## AVAILABLE DATA
- - - - -

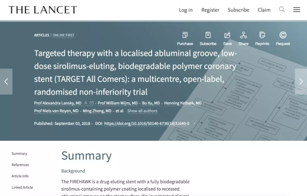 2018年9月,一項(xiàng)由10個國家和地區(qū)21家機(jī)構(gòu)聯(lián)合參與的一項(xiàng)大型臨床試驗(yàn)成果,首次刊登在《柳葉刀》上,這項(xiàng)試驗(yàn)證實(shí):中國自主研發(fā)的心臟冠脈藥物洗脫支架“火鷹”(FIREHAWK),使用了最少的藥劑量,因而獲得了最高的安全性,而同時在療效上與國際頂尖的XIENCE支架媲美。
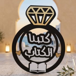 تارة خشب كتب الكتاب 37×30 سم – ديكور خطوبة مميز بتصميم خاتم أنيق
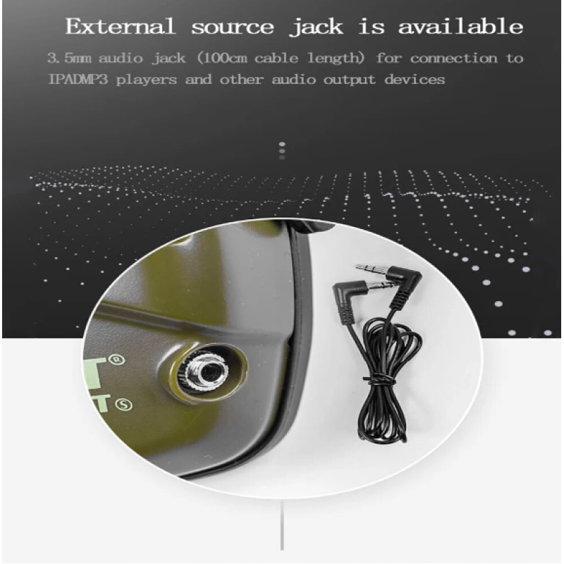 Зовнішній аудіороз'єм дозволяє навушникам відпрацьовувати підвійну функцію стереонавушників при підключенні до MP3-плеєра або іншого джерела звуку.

- - - - -

## WHAT THIS TASK INVOLVES
Only an exact copy is needed: the lines from the opening of the listing through the line with "تارة خشب كتب", both included, minus the pictures.

## COMPLETED TASK
 2018年9月,一項(xiàng)由10個國家和地區(qū)21家機(jī)構(gòu)聯(lián)合參與的一項(xiàng)大型臨床試驗(yàn)成果,首次刊登在《柳葉刀》上,這項(xiàng)試驗(yàn)證實(shí):中國自主研發(fā)的心臟冠脈藥物洗脫支架“火鷹”(FIREHAWK),使用了最少的藥劑量,因而獲得了最高的安全性,而同時在療效上與國際頂尖的XIENCE支架媲美。
 تارة خشب كتب الكتاب 37×30 سم – ديكور خطوبة مميز بتصميم خاتم أنيق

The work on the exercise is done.